To forgive or Not
I’m 43 and have 2 kids, in the past 2 yrs I felt very alone because my husband distant himself from us. I was going through a hard time with my dad’s battle with cancer and eventually died from ALS 6 months ago. During this time he didn’t offer any emotional support and I thought he was depressed. So I am working to change myself and ask for counseling but he turned it down saying everything was okay. 5 days ago I found out he was talking to another women for about a year and he left. I am still in shock. I did ask him one time if he has someone else but he laughed at me and I felt bad to even ask. So I trusted him. This is my 2nd marriage, 12 yrs. My first marriage was 10 yrs and my ex also left me with the girl he cheated on me with and it took me so long to recover. With my husband, he knows about this and he said he would never do such a cowardly thing. I trust him and didn’t want my pass trauma to affect this relationship so when I found out, the pain is even worse. After my dad passed away, I told him things need to change, he is so cold and distant from me. And I started working on myself, gave him more attention and just doing all that I can. And he is still giving me silent treatment when I try to communicate with him, I just feel like a bad person around him, like a needy controlling wife. I’m starting to go crazy. He texted me a day after he left and say he is sorry and that he loves me and the kids. I said to come home and talk about it and he ignored me for a couple of days, then I texted him come home, family is important and to forgive himself. yesterday he texted me a long message about his guilt and how he can’t face me. I did not respond because I don’t know what to say. Maybe I am just so lost, anyone here have a suggestion?

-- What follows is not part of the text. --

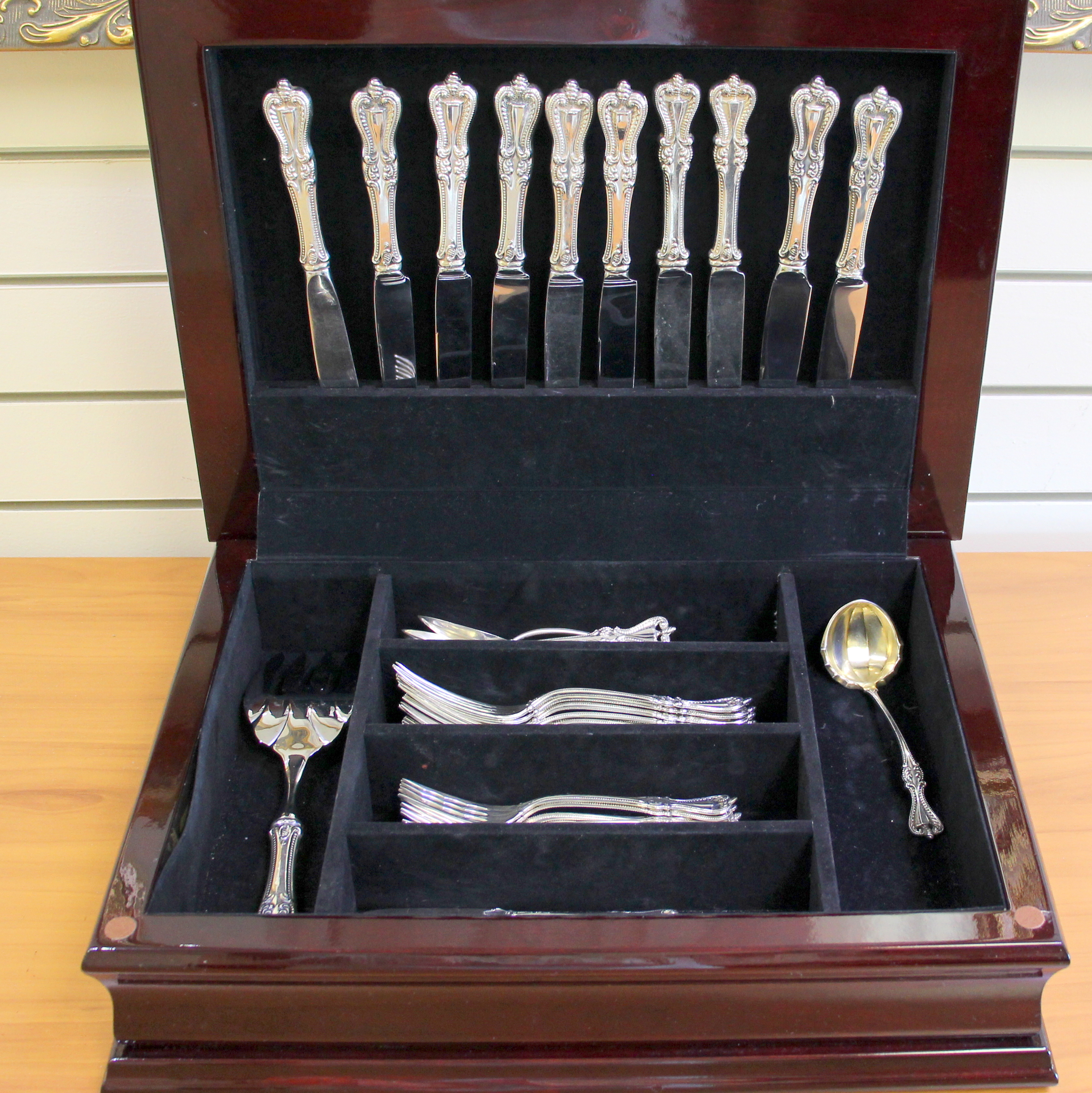 Set includes: 10 forks-7 1/8 inches, 8 salad forks-6 1/4 inches, 10 teaspoons-5 5/8 inches, 10 knives-8 3/4 inches, 9 flat handle butter spreader-5 3/4 inches, 1 solid ladle-6 inches, 1 large utility serving fork -9 3/4 inches, 1 lacquered wooden tarnish resistant storage box. (1342.2g solid sterling/715.6g ). 2057.8g.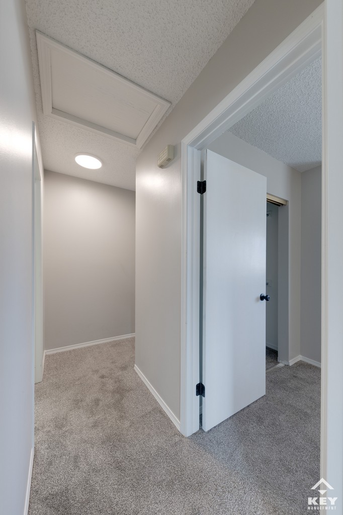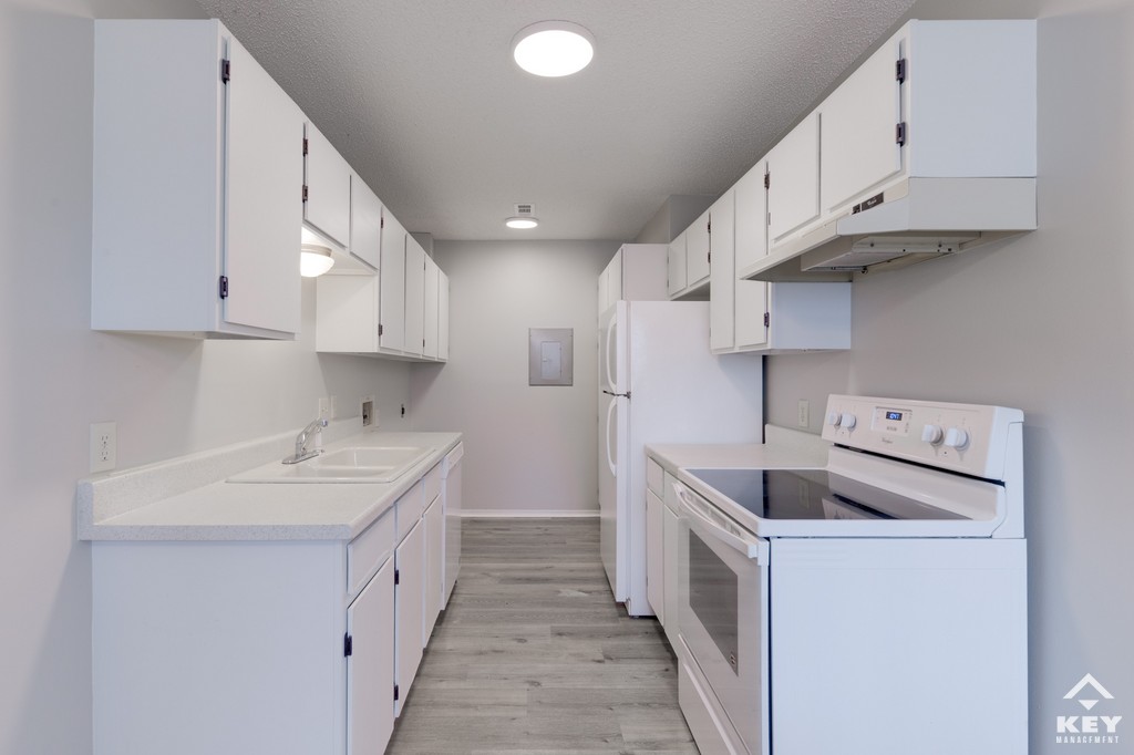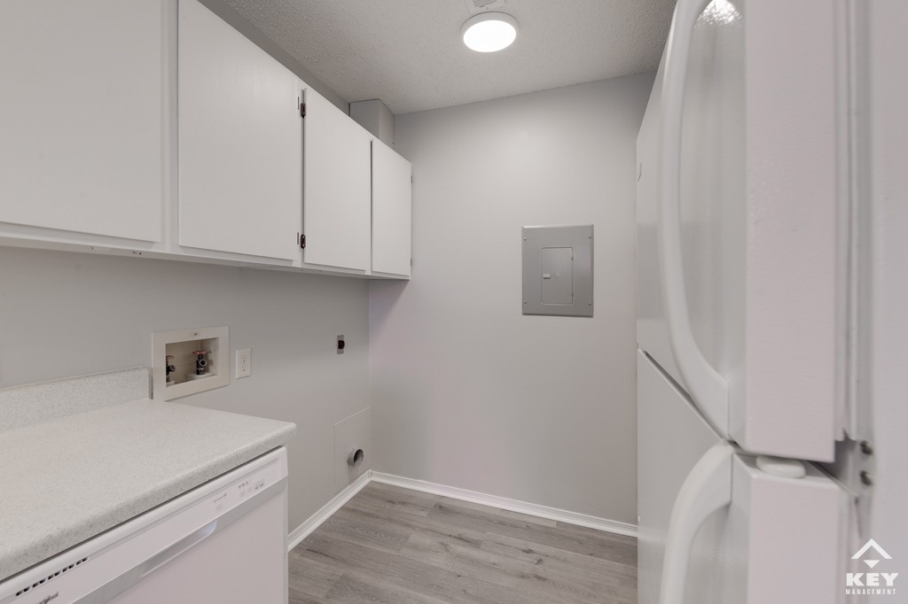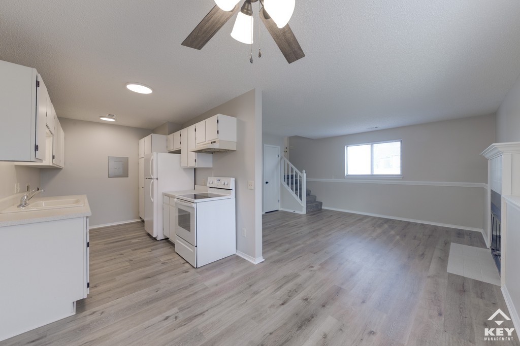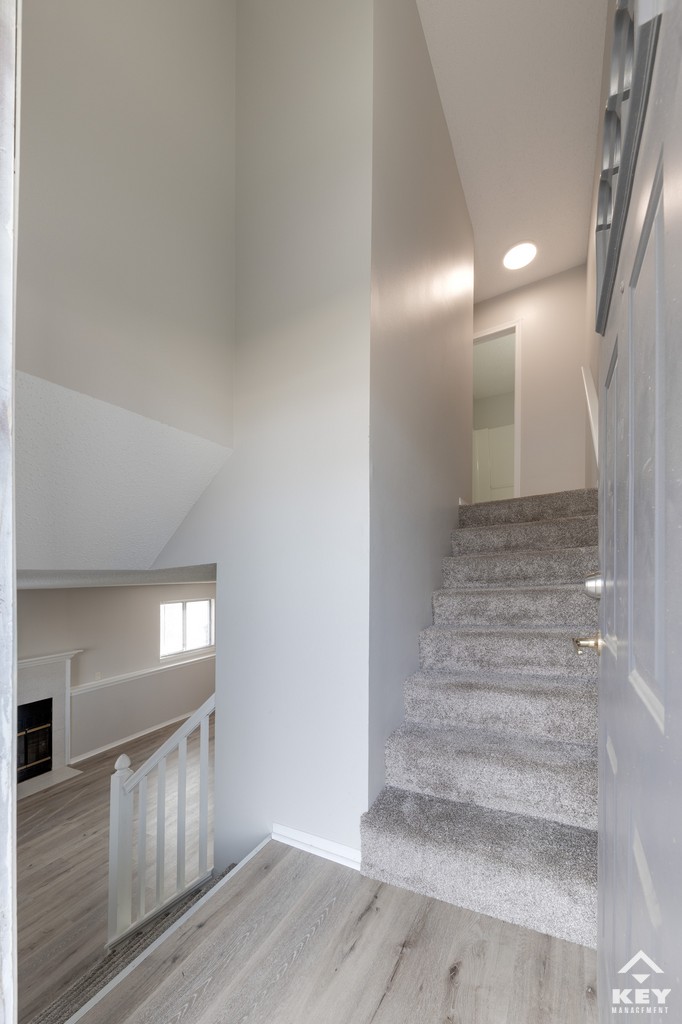 Located near West Maple Street and North Ridge Road in Wichitas westside, this 2-bedroom, 1.5-bathroom split-level townhome features central heat and air conditioning, a fully equipped kitchen, luxury vinyl plank flooring, and washer and dryer hookups. When you enter, the stairs lead to the lower and upper levels. The lower level offers a living room with a decorative fireplace, a dining space, a kitchen with an oven/range, refrigerator, dishwasher, space for a full-size washer and dryer, and a convenient half bathroom. The upper level has two carpeted bedrooms with sliding mirrored-door closets. The front bedroom also includes a second closet with built-in shelving. At the top of the stairs is a full bathroom with a shower and tub combo. If this West Wichita townhome sounds like your new home, contact us to schedule a showing.

i think I want to stay together to work it out because of my kids and I feel like grass is not greener elsewhere. You just have to keep watering your own grass. That have always been my mentality and he knows it. I never cheated on anyone in my life because I know how that felt from the first marriage. It can really mess you up. Going through this a second time almost make me feel hopeless to be honest. How can I ever trust people again?
I am worry I cannot forgive him and that would be my reason I don’t want him back. Also, if he really want me back he should come to me instead of sending me text saying he can’t face me. So if I was him I would man up and own the mistake and tell me what he done wrong and how he will work on being better. Basically right now I only get the apology but no action. So if I say come back, would he be coming back with 100% effort?
It just drives me crazy that this whole time I was begging him to work on our relationship when he already has his emotional needs satisfied by her. It was until the last moment when I saw the text from her that he finally gave in and told me the truth. The thing is he said it’s only talk and it’s been one year. I can’t help but question if that is the truth or not. If he still talks to her or not? And then if they have cyber sex or not. Just so many things going through my head.
Thanks for listening, I don’t know where to vent, I keep this to myself so he doesn’t have to look bad if we work things out. If everyone knows they will always look at him differently. Any comments/ suggestions are welcome. Thank you.